'''
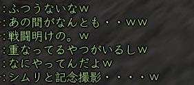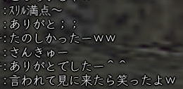 | お花たちに連れられて 初めて上野のコウモリ(山神の使い)にやってきました。 山神の使いのすぐ近くには、 あの「司夢理」というレベル60のとってもとっても こわ〜いおじさんが待ち構えているのです。 ![]() こんなおじさんですね。 グラ的には、見たことあるような気がするのは 内緒ということで・・・・ とにかくシムリに絡まれた人は レベル50の侍さんでも 一撃で死んじゃったという目撃談があるくらい まぁ、助かる見込みはないわけですね。 そんな時、もげ神主が言いました。 ![]() 「今すごく、シムリを寝かせたい衝動にかられています。」 @@!! 失敗したら大惨事! 成功したらオイシイ写真! どうなるあたしたち(の、所持金50貫) 「ピィィィ〜〜〜〜〜〜♪」 もげの笛の音が、山の中にこだまします。 ・・・と、次の瞬間。 ![]() 寝た!! シムリが寝たよ! 急げぇ〜〜!!! ・・・・・・・・・・ところがその時・・・・www 襲われたのは誰とは言いません、 ヒントはこんな感じ。ww ![]() ![]() いやぁぁあwww まじ腹痛かったわぁwww コウモリ狩り終わったら、 シムリ絶対起きてるはずぅ〜〜www どうする、どうなる あたしたち! ・・・・で、間もなくコウモリとの戦闘が終わり・・・ ![]() ・・・・・・・・・・・・ ![]() ・・・・・・・・・・・・ どうしますか、この状況www あ〜 この時の無言の間がなんとも言えずおもしろかったぁwww ・・・・とそんな時、 こんな危機的状況を救ってくれた 一人の勇敢な薬師さま!! ![]() どうやら、もげがこのおもしろい状況を 対話で知人の薬師さまに実況していたらしく、 「それはオモロ!見学に行こう!」 と、ノリノリで見に来た薬師さまだったようです。 ・・・・で、来て見たら まさに 無敵状態で立ちすくんでいるあたしたち・・・ 彼はとっさにシムリに飛びこんで 自らを犠牲にしてあたしたちを逃がしてくれた英雄でありましたww 2撃で逝ってしまったという 薬師さまを転生で呼び戻し、ひとしきりお礼をいうあたしたち。 ![]() ![]() ![]() そんなわけで、薬師さまが別キャラの侍さまに代わって 再度コウモリ狩りをしたあとの 仕切り直しの記念撮影となったのでした♪ |
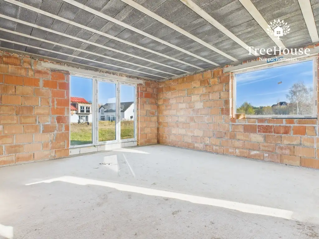 Dom w tradycyjnej technologii murowanej. Ściany zewnętrzne z pustaka ceramicznego typu Porotherm, ocieplenie ścian zewnętrznych styropianem 15 cm (λ 0,031). Strop gęstożebrowy Teriva 24cm, dach o konstrukcji drewnianej pokryty wysokiej jakości dachówką ceramiczną z kompletnym orynnowaniem. Okna PCV trzyszybowe, zapewniająca bardzo dobrą izolację cieplną i akustyczną. Elewacja wykończona tynkiem silikonowym o podwyższonej odporności na zabrudzenia. W projekcie przewidziano wentylację mechaniczną z rekuperacją. Do budynku doprowadzone są przyłącza prądu, wody, kanalizacji i gazu — instalacje wewnętrzne gotowe do rozprowadzenia zgodnie z Twoim projektem funkcjonalnym. Garaż w bryle budynku z automatyczną bramą.
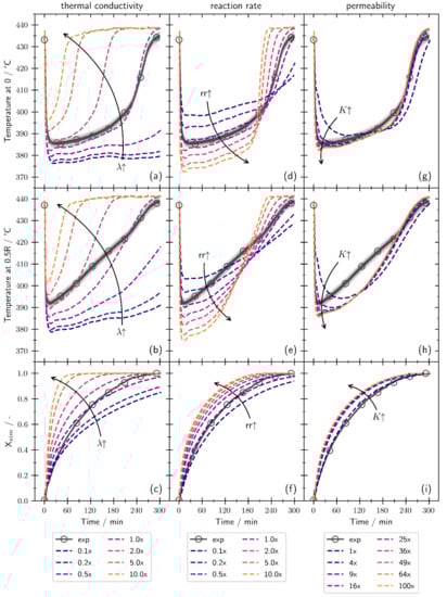 With the validated model, the sensitivity and limitations of the system are analyzed. Therefore, the effective thermal conductivity and the reaction kinetics are varied by the factors 0.1, 0.2, 0.5, 1, 2, 5, and 10. Furthermore, the permeability has been varied between factors 1 and 100, which is equivalent to a variation of the particle size.
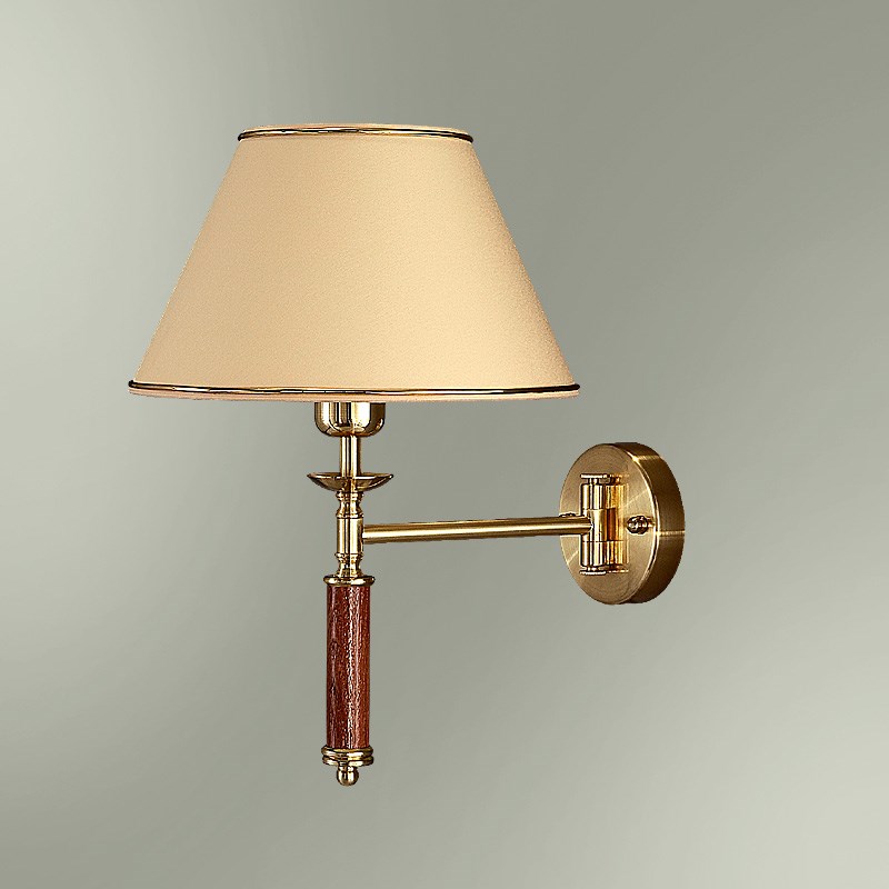 Настенный светильник предназначен для местного освещения в залах, кабинетах, спальнях, но часто он играет роль основного источника света,например, в прихожей или в коридоре.В данной модели кронштейн бра, на котором крепится абажур,подвижный ,что позволяет горизонтально перемещать источник света на 120 градусов. Бра укомплектовано шнуром с вилкой и выключателем.
'''
> _Exercise aim_
Copy exactly the lines of the listing above between the one holding "Dom w tradycyjnej" and the one holding "With the validated", inclusive; omit all pictures.

> _Answer box_
 Dom w tradycyjnej technologii murowanej. Ściany zewnętrzne z pustaka ceramicznego typu Porotherm, ocieplenie ścian zewnętrznych styropianem 15 cm (λ 0,031). Strop gęstożebrowy Teriva 24cm, dach o konstrukcji drewnianej pokryty wysokiej jakości dachówką ceramiczną z kompletnym orynnowaniem. Okna PCV trzyszybowe, zapewniająca bardzo dobrą izolację cieplną i akustyczną. Elewacja wykończona tynkiem silikonowym o podwyższonej odporności na zabrudzenia. W projekcie przewidziano wentylację mechaniczną z rekuperacją. Do budynku doprowadzone są przyłącza prądu, wody, kanalizacji i gazu — instalacje wewnętrzne gotowe do rozprowadzenia zgodnie z Twoim projektem funkcjonalnym. Garaż w bryle budynku z automatyczną bramą.
 With the validated model, the sensitivity and limitations of the system are analyzed. Therefore, the effective thermal conductivity and the reaction kinetics are varied by the factors 0.1, 0.2, 0.5, 1, 2, 5, and 10. Furthermore, the permeability has been varied between factors 1 and 100, which is equivalent to a variation of the particle size.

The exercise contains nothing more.